Oltre a questa spiegazione, accenna anche alla teoria secondo la quale alla base della scelta
di una strategia di gratuità (che sarebbe espressione di una etica deontologica) ci sarebbero
logiche razionali diverse da quelle che spingono a scegliere uno degli altri due tipi di
strategie, che sarebbero invece espressione di un’etica utilitaristica.

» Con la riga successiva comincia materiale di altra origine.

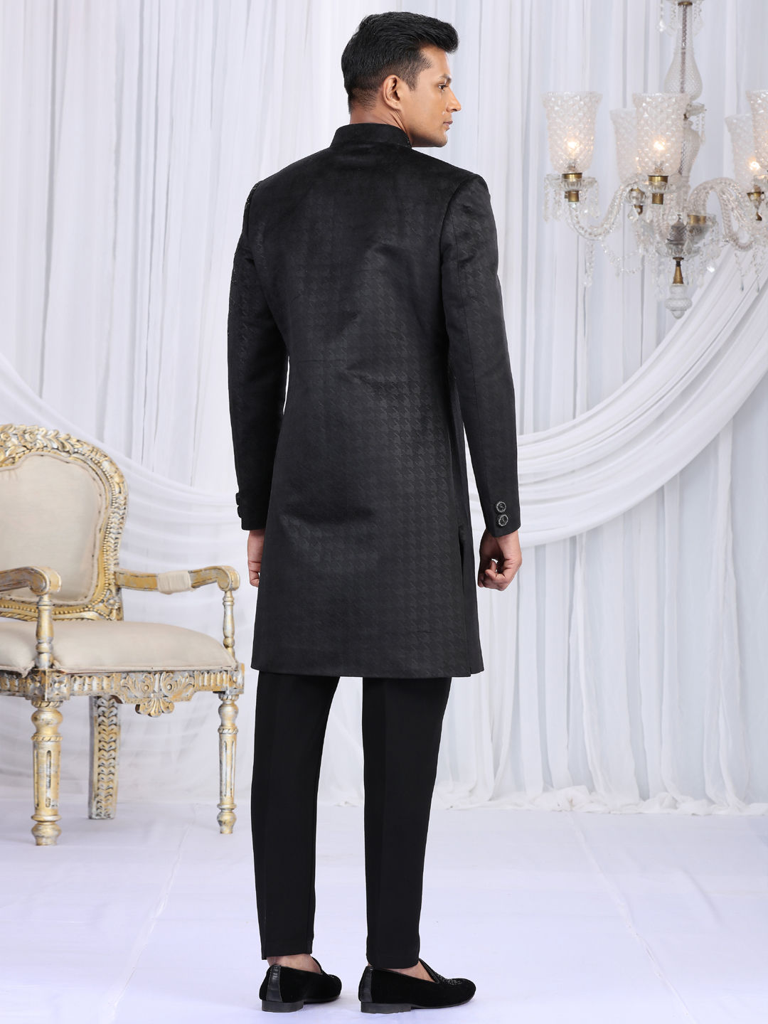 Art Silk Wedding Sherwani in Black and Grey with Sequence work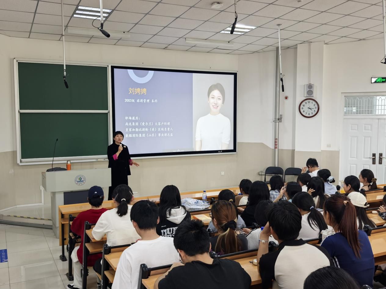 于4月23日成功举办"校友面对面——大学生职业规划与求职技巧"专题讲座。活动邀请到2003级旅游管理专业优秀校友、能猫国际集团(山东)事业部总监刘娉娉担任主讲嘉宾,学院党委副书记信苏珊出席活动并讲话。学生代表100余人参加了本次活动。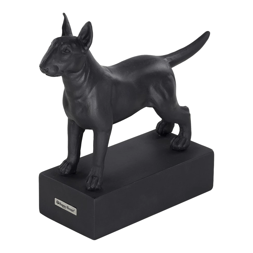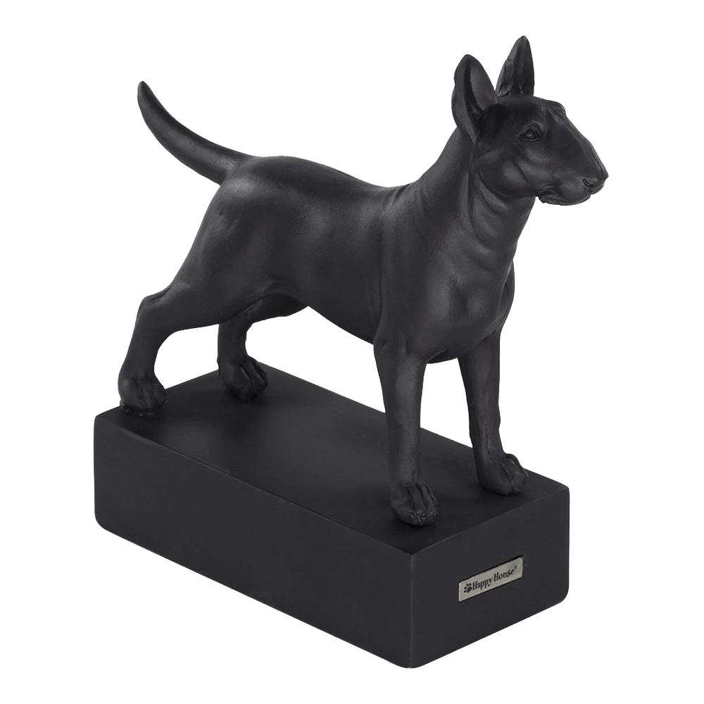 Unieke Hondenras beeldjes! Bij Happy-House zijn wij fan van alle hondenrassen. Happy-House heeft met passie een grote collectie gedetailleerde hondenbeeldjes ontworpen, in prachtig mat zwarte uitvoering van 100% polyresin mooie steenlook op sokkel. Kies je favoriete ras en laat het een mooie toevoeging zijn op je interieur. Een musthave voor elke hondenliefhebber! Deze Bull Terrier is verpakt in een mooie giftbox, leuk voor jezelf of om cadeau te geven!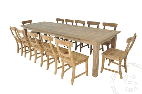 Auf LagerNormaler Preis € 3.190GrundpreisNicht verfügbarTeak Tisch Dingklik 300x100cm + 10 Stühle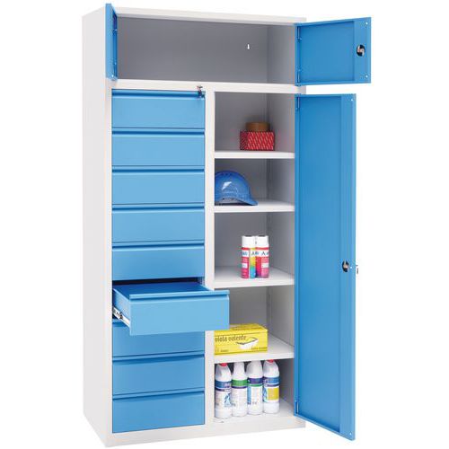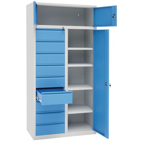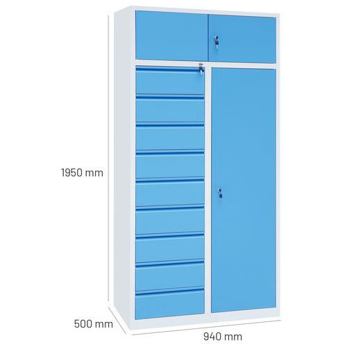 | Produktname | Kombischrank, Max. Belastung: 500 kg, Werkstoff: Stahl, Gesamthöhe: 1950 mm, Anzahl Schubladen: 9 |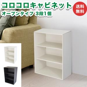 コロコロキャビネット オープンタイプ 3段 1個 カラーボックス 完成品 ダンボール家具 段ボール家具 収納 軽い 組立不要 ラック 白 黒 ホワイト ブラック

L’Autore decide di concludere il suo studio con uno sguardo alla responsabilità sociale
d’impresa (RSI), alla microfinanza, al commercio equo e solidale, e ribadisce ancora una
volta come sia importante l’interazione dei diversi tipi di reciprocità per un sano sviluppo
della società civile. In particolare, si sofferma sulle diverse motivazioni che spingono le
imprese ad adottare pratiche di RSI: alcune imprese lo fanno perché costrette dalla
pressione civile o politica, o per calcolo economico in termini di profitto: queste adottano
una reciprocità “cauta” in quanto non iniziano per prime ad adottare una cultura di
responsabilità, ma vi si adattano se il contesto lo richiede. Esistono anche imprese che
usano la RSI come mezzo di marketing. Queste scelgono autonomamente di fare RSI, ma
se non trovano risposta da parte di altri, possono abbandonare queste pratiche: per questo
è possibile classificarle come cooperatori coraggiosi.

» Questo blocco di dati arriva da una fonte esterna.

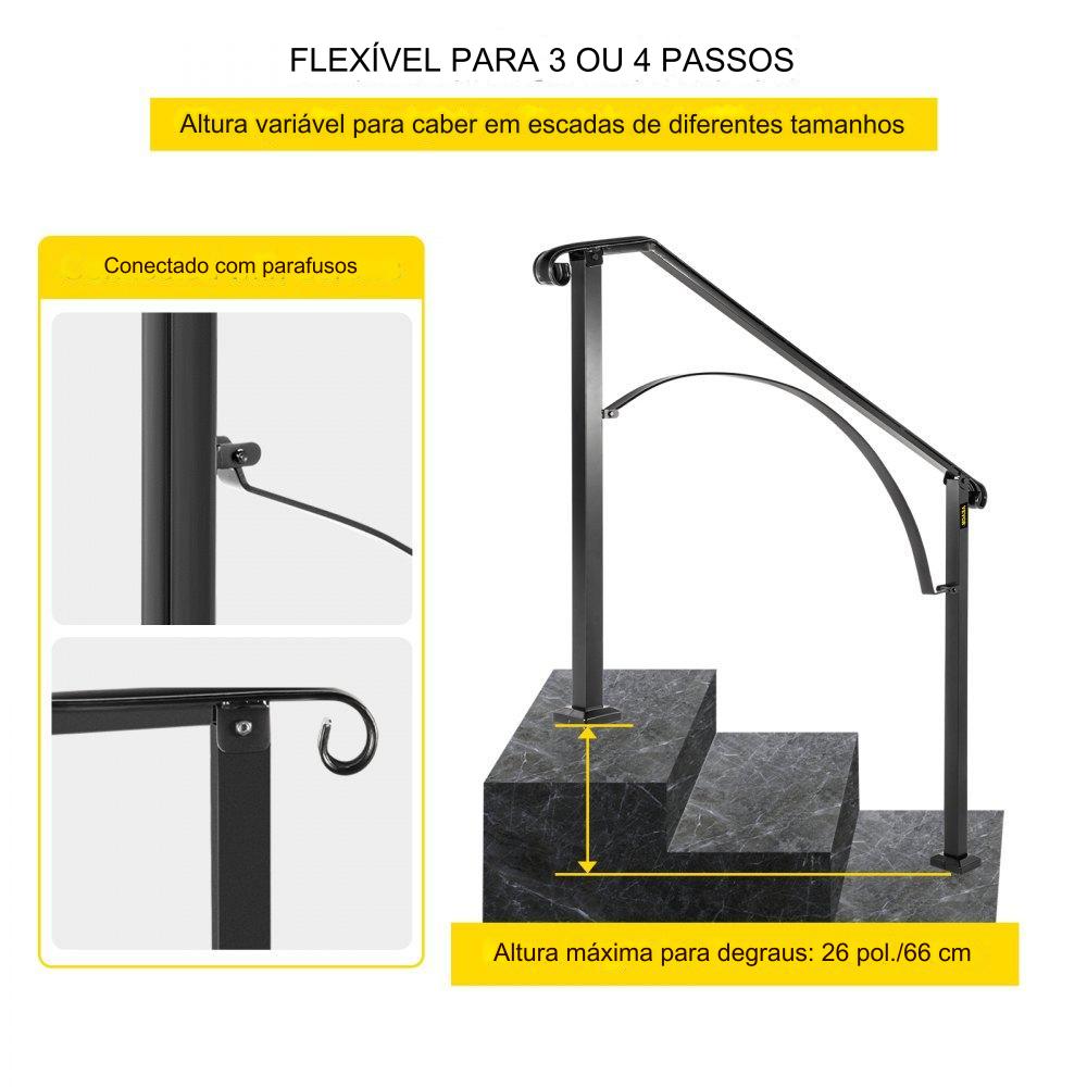 Corrimão Universal de Aço Inoxidável - Com Curva para 3 ou 4 Degraus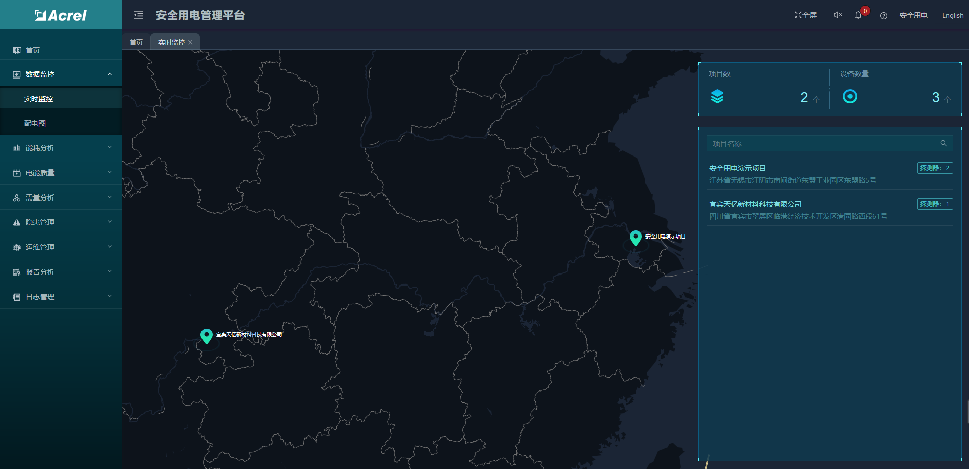 点击左侧列表实时监控进入实时监控页面,该页面展示了当前用户关联的项目数量,项目位置,探测器数量,如图所示。

Ci sono, infine, imprenditori che scelgono di porre in essere la RSI per motivazioni
intrinseche, in quanto aderiscono a dei precisi codici identitari che li spingono ad adottare
comportamenti responsabili nel loro fare impresa. Queste imprese svolgono spesso il
ruolo di attivatore in contesti con bassa cultura civile, tuttavia sarebbe sbagliato
considerarle le uniche davvero “socialmente responsabili”. Un consiglio simile è quello
che Bruni rivolge a certi operatori del commercio equo e solidale che rischiano di
suddividere il mondo (e il mercato) in “imprese buone”e “imprese cattive”: buone
sarebbero solo quelle mosse da una vocazione, nate quindi non con l’obiettivo primario
del profitto, mentre cattive sarebbero tutte le altre. Andare oltre questa visione manichea
è, secondo Bruni, una strategia che sul lungo periodo potrebbe risultare vincente: se gli
operatori incondizionali iniziassero a cooperare con imprese di tipo brave (coraggioso) o
cauto, potrebbero, sul lungo periodo, persino riuscire a vedere l’equità e la solidarietà che
hanno posto a fondamento delle loro azioni, come nuova cultura, normale, dei mercati.

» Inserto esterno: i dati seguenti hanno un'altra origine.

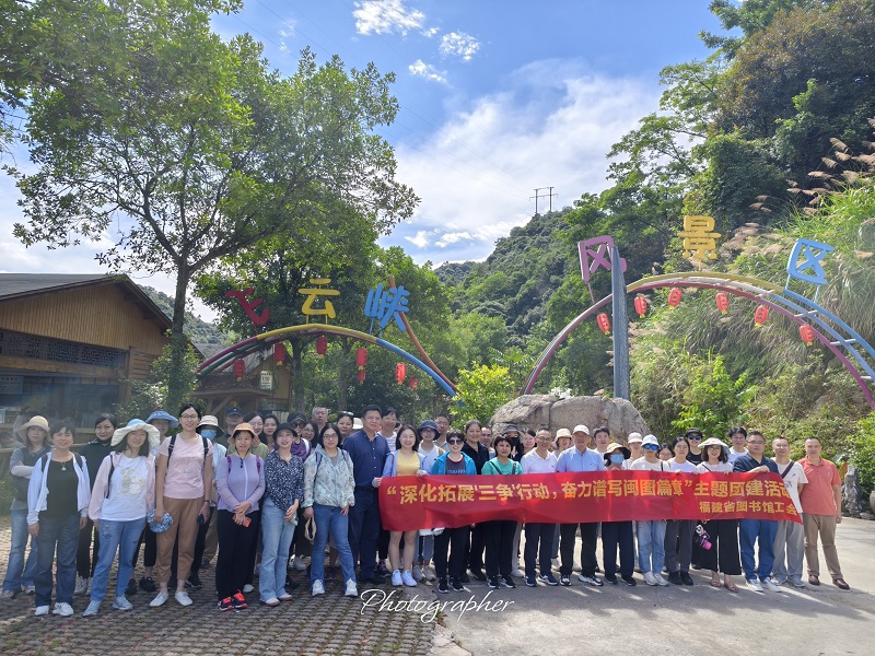 为深入学习贯彻习近平新时代中国特色社会主义思想,丰富我馆干部职工的精神文化生活,促进职工身心健康,增强团队凝聚力,6月20日和27日,福建省图书馆工会分两批次组织全馆职工前往福州市晋安区寿山乡飞云峡风景区开展“深化拓展‘三争’行动 奋力谱写闽图篇章”主题户外团建活动。

Molte reciprocità, dunque, e tutte da attivare e fare interagire tra loro se si aspira ad una
società che non si fermi sulla non-reciprocità e che possa almeno sognare di godere di
quella “civile felicità” immaginata da Vico.
L’autore
Luigino Bruni è Professore Associato di Economia Politica presso la Facoltà di Economia,
Università di Milano-Bicocca e incaricato sulla cattedra di Economia Politica presso
l’Istituto Universitario “Sophia” di Loppiano. Vicedirettore del Centro interdisciplinare e
Interdipartimentale CISEPS. E' vicedirettore del centro interuniversitario di ricerca
sull'etica d'impresa Econometica e membro del comitato etico di Banca Etica.